У Гришутки сердце стучит так, что в висках отдает. Он боится, что его и слушать не захотят, а между тем это так просто.
– Дядя Сережа, – задыхаясь, жарко шепчет он, привстав с кровати, – вы только послушайте… Только послушайте… Я от Шилкиного двора пойду… Будто на салазках катаюсь. С горки вниз слечу – и по реке. Я же скорей всех добегу, вот увидите!..
Все поворачивают к нему головы. Думали, спит, а он, видишь ты, слушает.
С кровати на дядю Сережу смотрят большие, ставшие вдруг блестящими глаза.
«Как загорелся!» – думает дядя Сережа с усмешкой. И предостерегающе говорит:
– Убьют.
– Не убьют, дядя Сережа! – все так же жарко шепчет Гришутка. – Не убьют: я – маленький.
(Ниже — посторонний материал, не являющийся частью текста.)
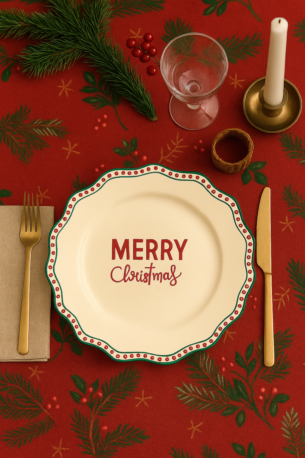 O rebordo ondulado, decorado em tons de vermelho e verde, confere-lhe um toque artesanal e acolhedor — perfeito para compor uma mesa cheia de charme durante a época festiva.

– Они и маленьких убивают.
– Не попадут, дядя Сережа: я – быстрый.
Дядя задумывается, смотрит, сощурясь, на огонек и медленно, как бы про себя, говорит:
– Это надо обмозговать.
– Ты что, очумел? – вскакивает Дарьюшка. – Отца повесили, мать замерзла, так и дитя туда же?!
– А ты не горячись, – спокойно отвечает дядя. – Я говорю: надо обмозговать, а не так просто…
Капитан Татишвили отмечал на карте только что полученные донесения разведки, когда в избу вошел дежурный:
– Мальчишка тут один до вас домогается. Требует: к самому главному.
– А ну их! – отмахнулся капитан, – Отбоя нет от этих юных добровольцев.
– Оно так, – усмехнулся дежурный. – Только этот с чем-то другим. Говорит, из Ивановки он.
– Из Ивановки? – насторожился капитан. – Давно?
– Ночью этой.
– Тогда зови! Зови его сюда!
Но Гришутка уже входил. Не говоря ни слона, он сел посреди избы прямо на глиняный пол и принялся стаскивать с ноги валенок.
– Ты что разуваешься? – удивился капитан. – Баня тебе тут, что ли?
Гришутка стащил валенок и, доставая из него листок в клетку, сказал:
– Дис… как ее?.. Дис-ло-кация. Крестик – пулемет, кружочек – миномет, а квадратики – пушки.
– Кто тебе дал? – бросаясь к бумажке, крикнул капитан.
Гришутка вытер рукавом нос, вздохнул и печально ответил:
– Дядя Сережа! Его немцы убили. А в меня не попали.
Прошло три месяца. Отгремели орудия у села Ивановки; бурьяном заросла длинная могила фашистов на краю села; алым пламенем зажглись красные гвоздики на могиле бесстрашного партизана, отца Гришутки, а сам Гришутка все шел и шел со своим батальоном. Не захотел оставаться он в родной Ивановке, где больше никого не осталось из близких ему.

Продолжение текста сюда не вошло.